Problem to work on
The range runs from the line containing "NEON COLORS W/" through the last line of the material below; retype it exactly, leaving out the pictures.
-- Source material follows --
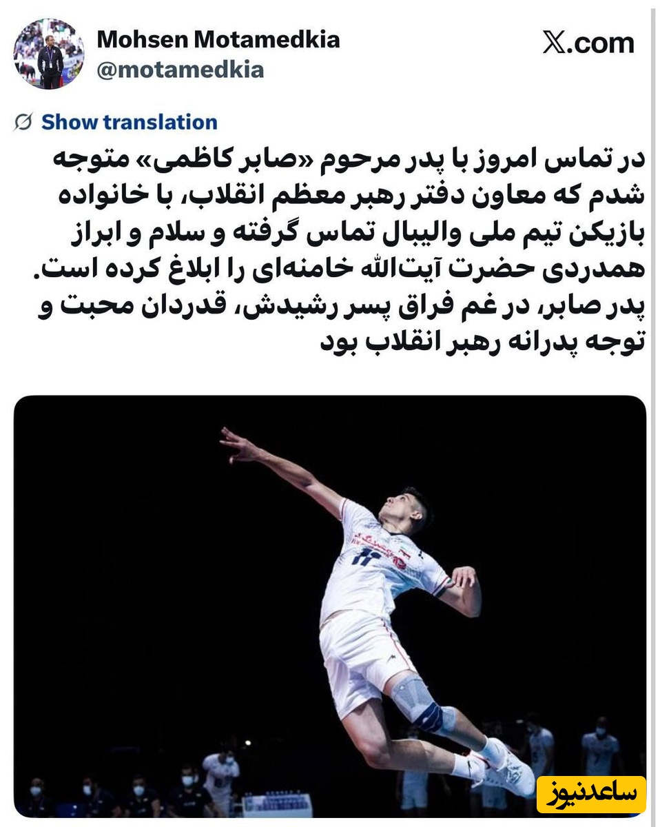«در تماس امروز با پدر مرحوم صابر کاظمی، متوجه شدم که معاون دفتر رهبر معظم انقلاب با خانواده بازیکن تیم ملی والیبال تماس گرفته و سلام و ابراز همدردی حضرت آیتالله خامنهای را ابلاغ کرده است. پدر صابر، در غم فراق پسر رشیدش، قدردان محبت و توجه پدرانه رهبر انقلاب بود.»
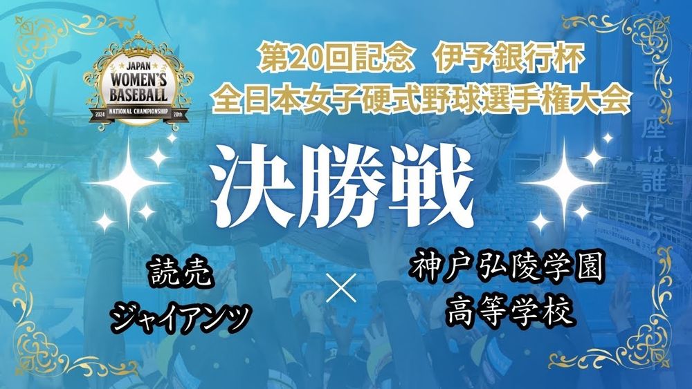 第20回記念 伊予銀行杯 全日本女子硬式野球選手権大会 決勝戦 読売ジャイアンツ vs 神戸弘陵学園高等学校 日時:2024年10月15日(火) 9時00分試合開始予定 場所:坊っちゃんスタジアム 対戦カード: 読売ジャイアンツ vs 神戸弘陵学園高等学校 実況 飯塚治
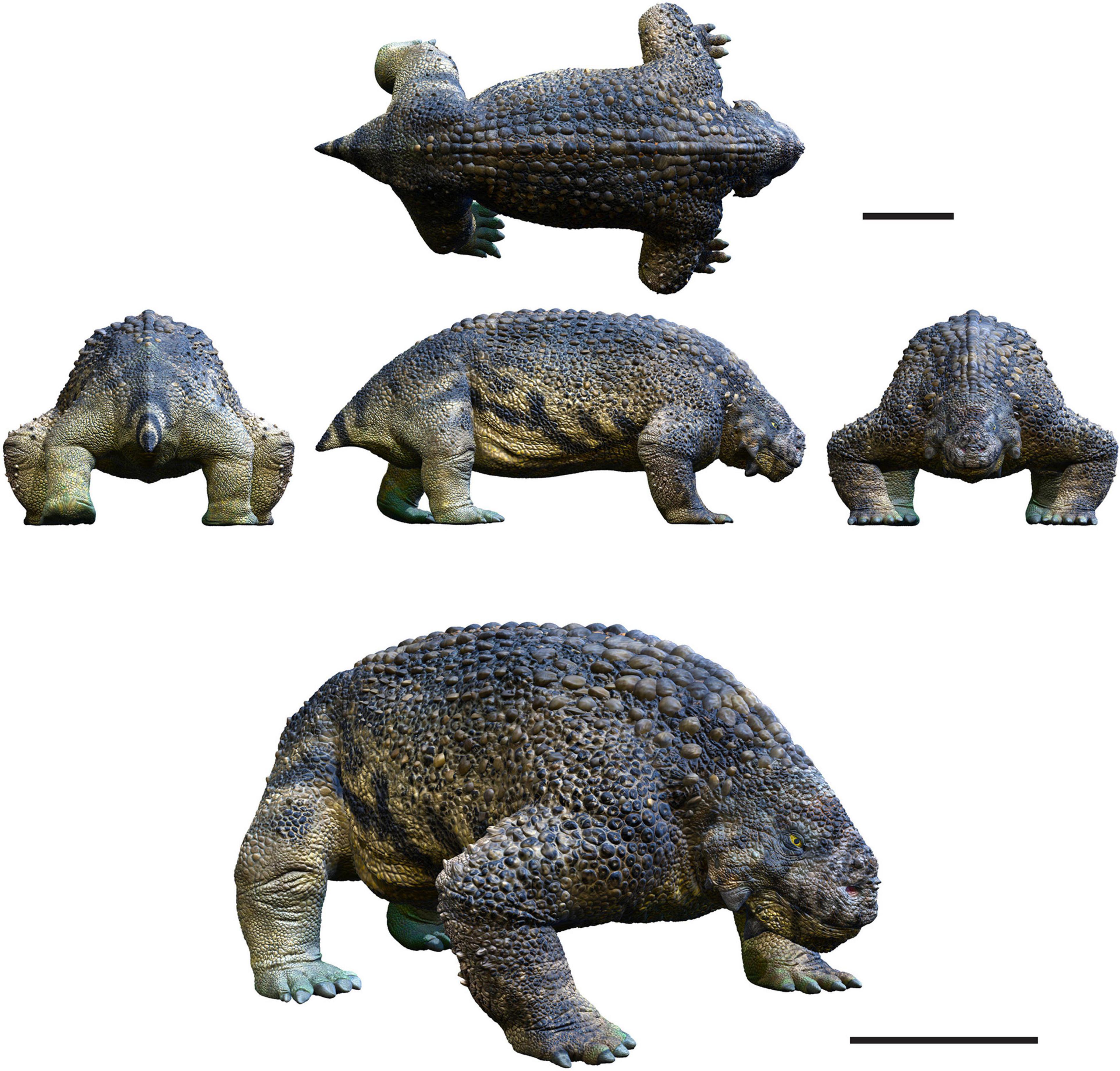 스쿠토사우루스는 뼈로 된 갑옷과 두개골을 장식하는 여러 개의 뾰족한 뿔을 가진 거대한 체구의 파충류였다.[45] 비교적 작은 몸집에도 불구하고 무겁고 짧은 다리로 인해 오랜 시간 동안 빠른 속도로 움직일 수 없어 큰 포식자의 공격에 취약했다. 스스로를 방어하기 위해 스쿠토사우루스는 특히 목 부위에 강력한 근육으로 덮인 두꺼운 골격을 가지고 있었다. 피부 아래에는 골판이 줄지어 있었고, 이 판은 마치 두정갑 갑옷의 한 형태였다.[52]
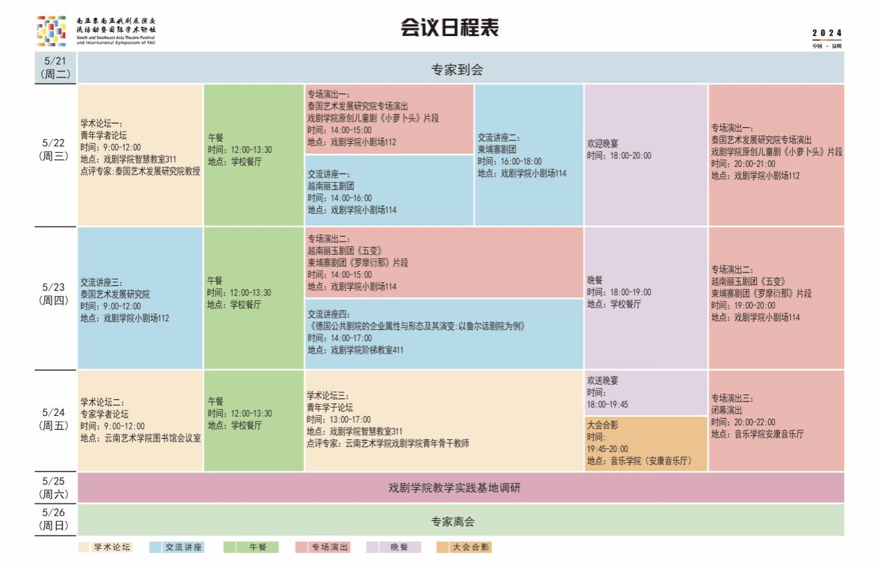 为深入研讨中国、南亚、东南亚戏剧类非物质文化遗产保护,云南戏剧的传承保护,云南与南亚、东南亚戏剧交流的地缘优势等问题,买球投注官方网站戏剧学院于2024年5月21日至26日举办首届“南亚东南亚戏剧展演交流活动暨国际学术论坛”。本次活动主要分为戏剧展演、教学讲座交流、学术研讨三个部分。来自泰国、越南、柬埔寨、新加坡的25位外国专家及国内近40位专家将围绕相关议题开展演出及学术研讨活动。
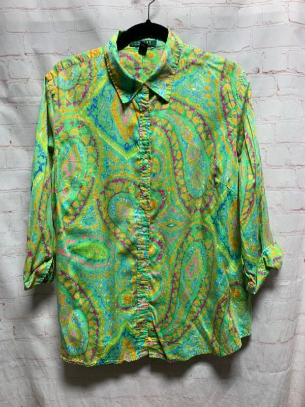 NEON COLORS W/ PAISLEY PRINT LAUREN SHIRT 3/4 BUTTON CUFFED SLEEVES
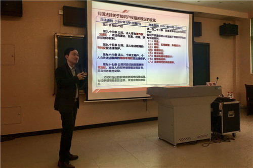为贯彻落实《江西省人民政府加快特色型知识产权强省建设的实施意见》,加强知识产权教育工作,11月13日下午,政法学院知识产权教研室副主任刘闻博士受邀出席鹰潭市月湖区中小学知识产权教育师资培训班,为全区教师代表授课。培训班由月湖区知识产权局和区教体局联合举办,由区科技局局长夏军峰主持。
-- Source material concluded --
Solution to this task
 NEON COLORS W/ PAISLEY PRINT LAUREN SHIRT 3/4 BUTTON CUFFED SLEEVES
为贯彻落实《江西省人民政府加快特色型知识产权强省建设的实施意见》,加强知识产权教育工作,11月13日下午,政法学院知识产权教研室副主任刘闻博士受邀出席鹰潭市月湖区中小学知识产权教育师资培训班,为全区教师代表授课。培训班由月湖区知识产权局和区教体局联合举办,由区科技局局长夏军峰主持。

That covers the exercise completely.